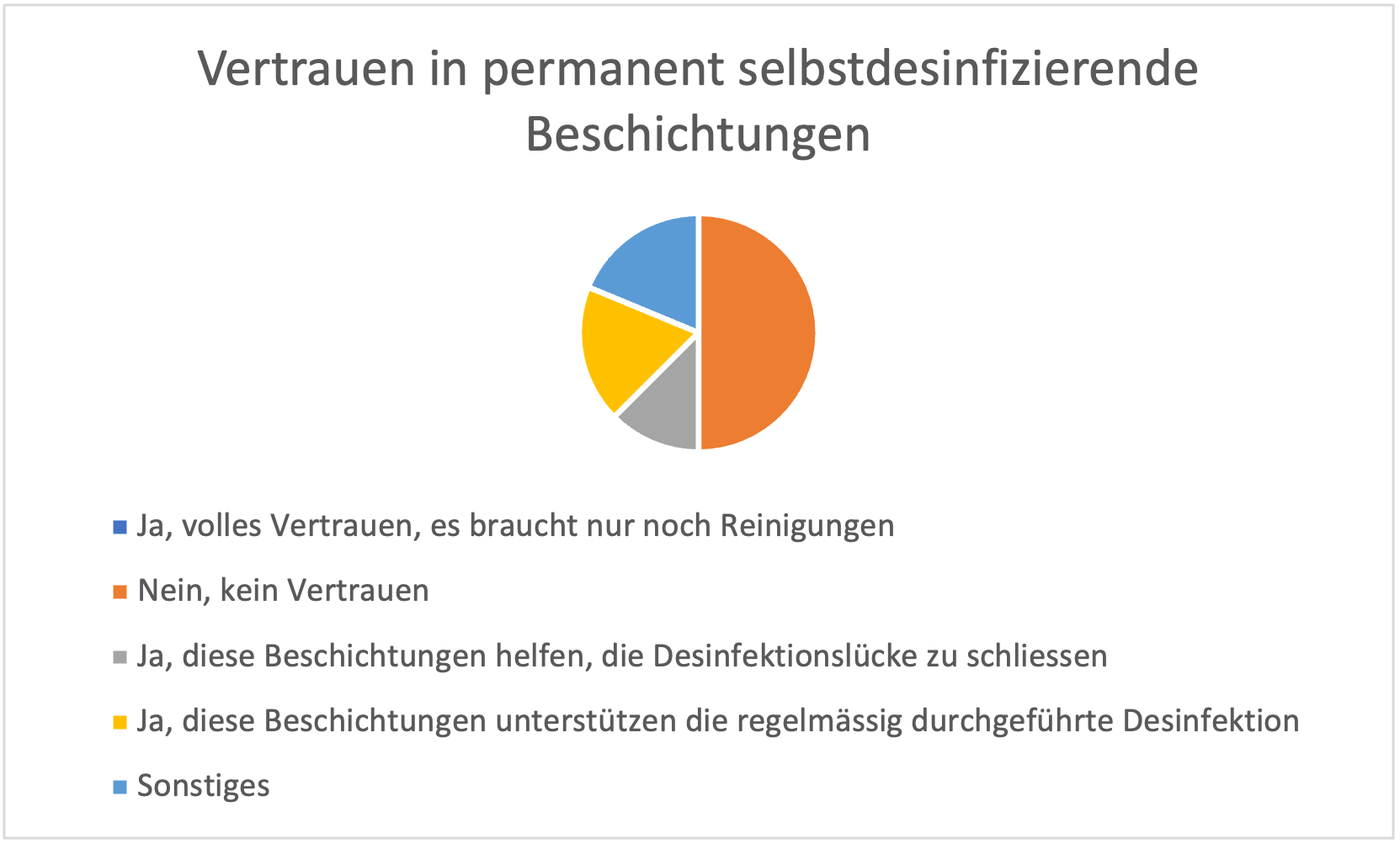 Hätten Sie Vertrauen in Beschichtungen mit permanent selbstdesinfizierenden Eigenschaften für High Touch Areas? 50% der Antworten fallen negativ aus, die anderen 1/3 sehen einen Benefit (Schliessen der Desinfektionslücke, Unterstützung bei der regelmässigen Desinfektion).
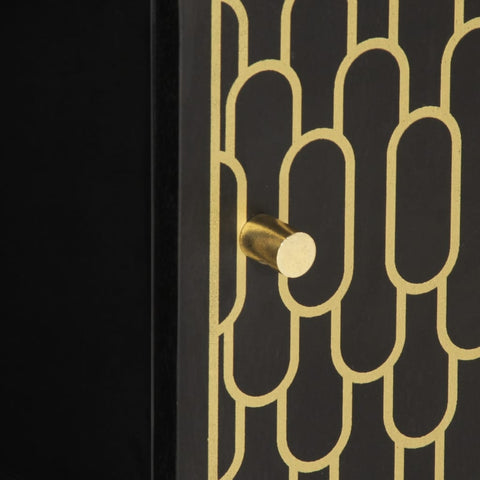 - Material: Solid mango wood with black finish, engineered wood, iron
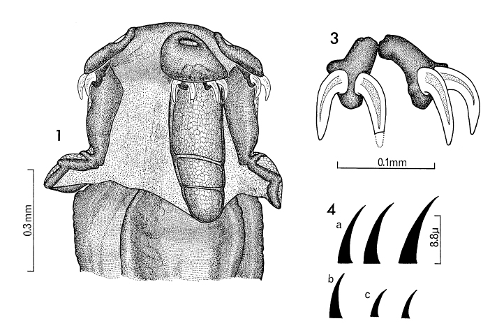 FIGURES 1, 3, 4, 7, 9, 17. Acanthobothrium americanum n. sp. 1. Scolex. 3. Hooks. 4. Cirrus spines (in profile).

______

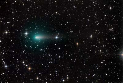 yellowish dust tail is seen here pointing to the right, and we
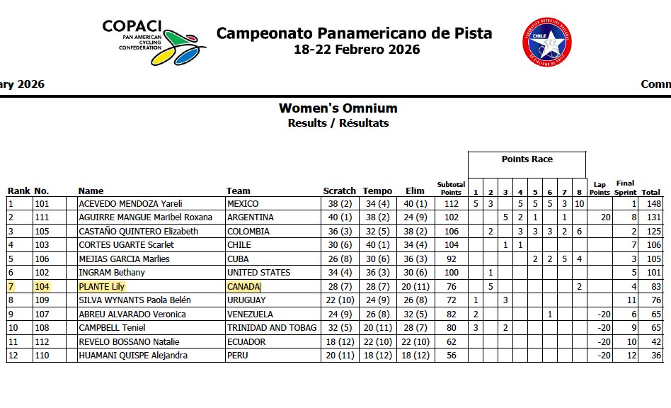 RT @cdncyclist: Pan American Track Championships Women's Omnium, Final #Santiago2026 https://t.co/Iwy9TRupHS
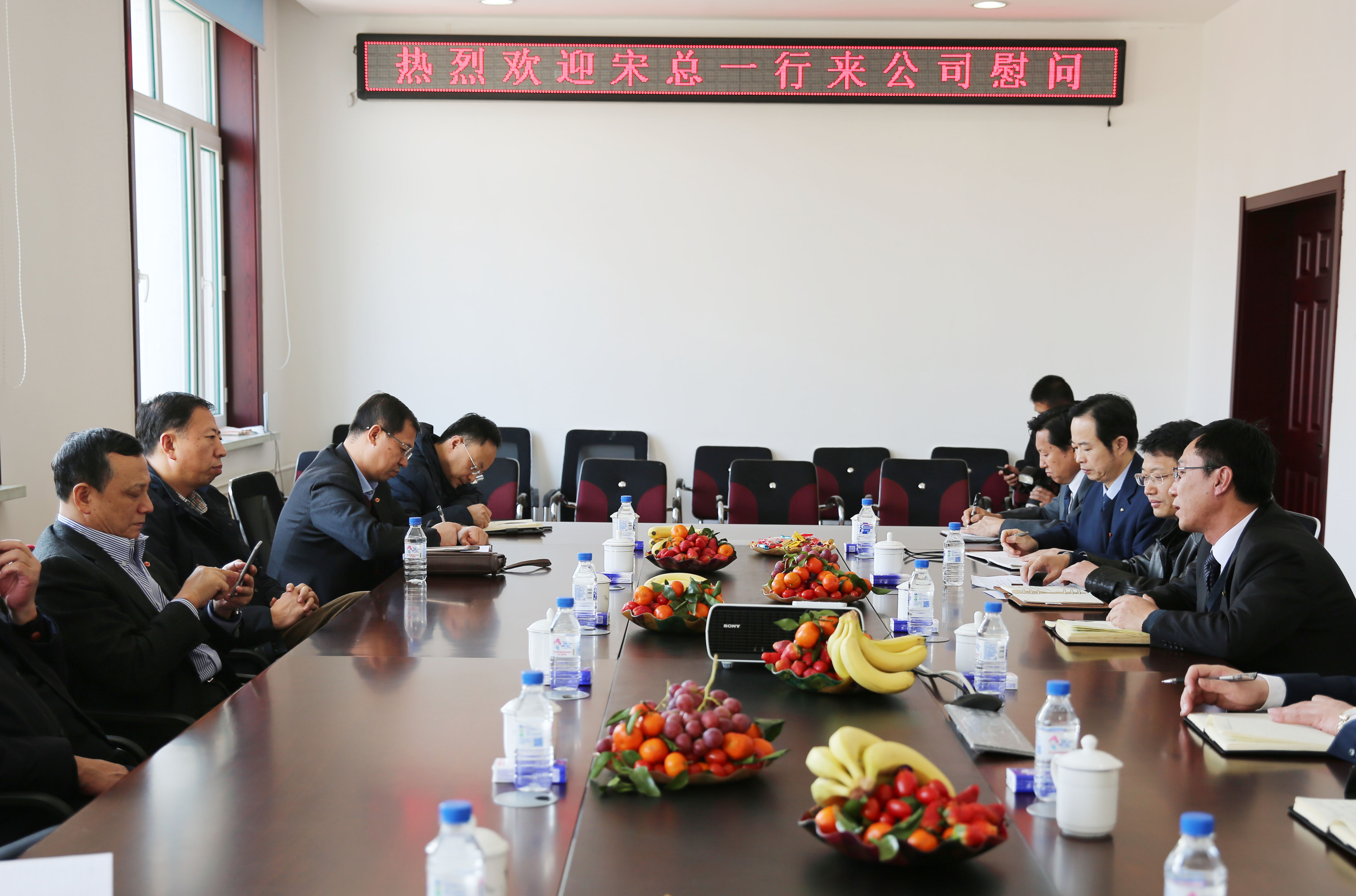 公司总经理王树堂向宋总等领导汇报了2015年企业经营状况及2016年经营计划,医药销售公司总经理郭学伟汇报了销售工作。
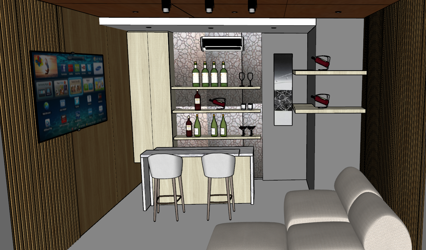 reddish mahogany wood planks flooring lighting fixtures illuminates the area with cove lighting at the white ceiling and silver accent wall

______

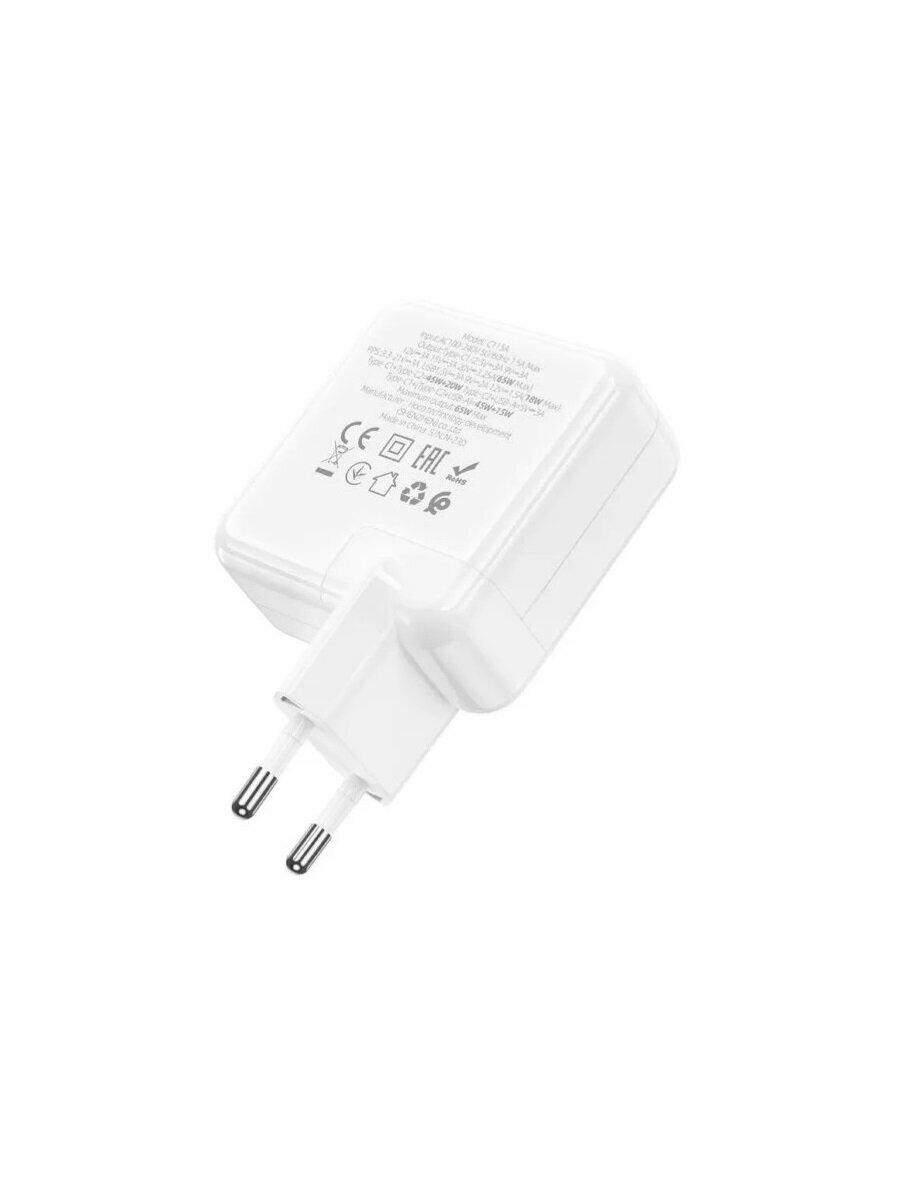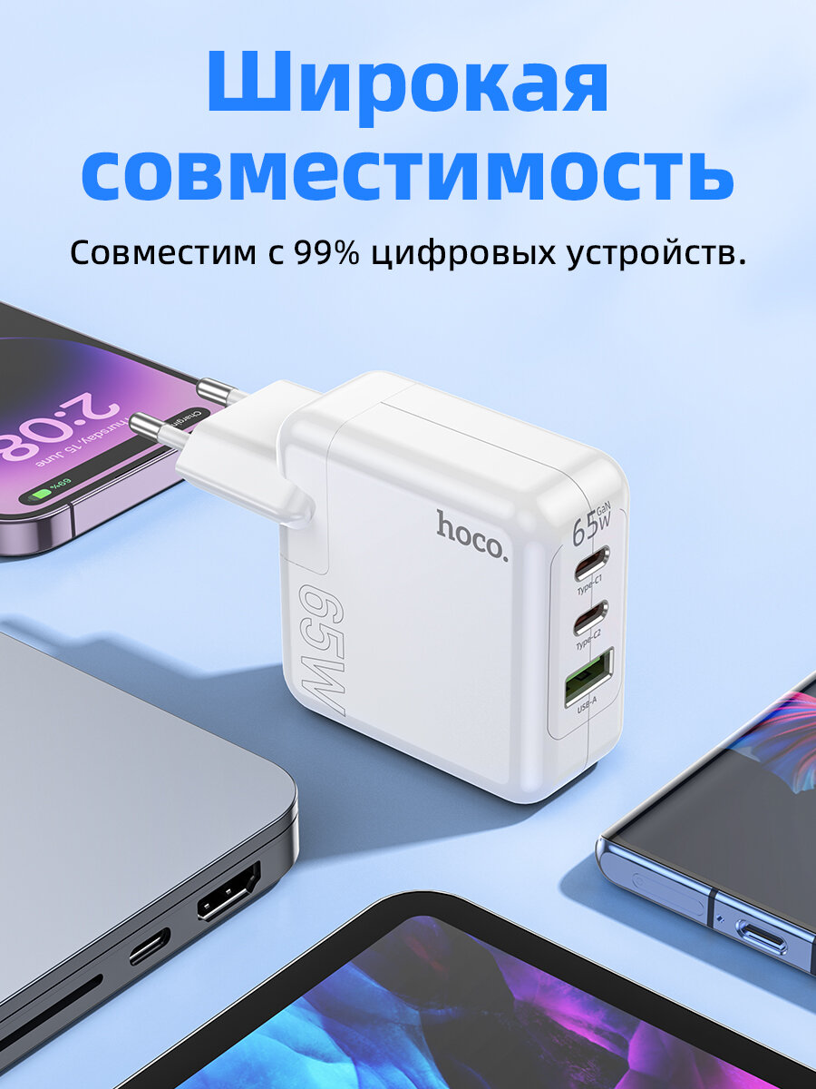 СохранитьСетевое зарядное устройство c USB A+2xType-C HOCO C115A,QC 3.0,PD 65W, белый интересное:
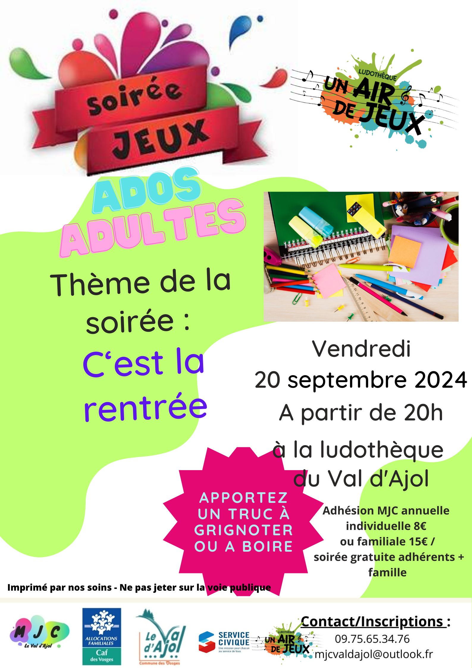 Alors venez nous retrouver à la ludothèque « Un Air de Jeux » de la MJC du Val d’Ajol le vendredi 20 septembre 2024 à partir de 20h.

______

In the listing above, the required lines run from the line with "公司总经理王树堂向宋总等领导" through the line with "reddish mahogany wood". Output exactly those lines, omitting pictures.

 公司总经理王树堂向宋总等领导汇报了2015年企业经营状况及2016年经营计划,医药销售公司总经理郭学伟汇报了销售工作。
 reddish mahogany wood planks flooring lighting fixtures illuminates the area with cove lighting at the white ceiling and silver accent wall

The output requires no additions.